Most of the time I don’t even notice it, the dearth of female engagement in the work place. Most weeks it’s the usual ratio of 80-85% men to 15-20% women and, like the white noise of working near a busy road, you just get used to it. You forget to notice that you have to turn the volume up to hear and make grander gestures to be heard over the noise. You just get used to it. You might even smirk to yourself when there is no line for the women’s restroom and think to yourself, “well, at least this is a plus” as you stand at the sink alone or next to the other lone female at a meeting.
But sometimes that white noise is not so easy to ignore. In fact, for me, a few weeks ago it was deafening.

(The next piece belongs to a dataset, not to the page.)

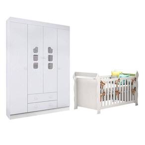 Berço Americano Lara e Guarda Roupa Infantil Lívia Branco Brilho Phoenix

I happened to have an unusual week where I had not one, not two, but three separate company board meetings to attend in one week. Spanning the country from San Diego to Fremont to Boston, I attended three such meetings as the only female representative on each of these boards. I have been on each of these boards a long time, but never attended all three in one week, and the abundance of blue shirts and khakis was notable because of the concentration bias. I mean, I see these guys all the time and usually I don’t notice that I’m the only one putting on lipstick (at least in public); but seeing them all in a row together was a little like accidentally finding yourself at Bohemian Grove without the right equipment.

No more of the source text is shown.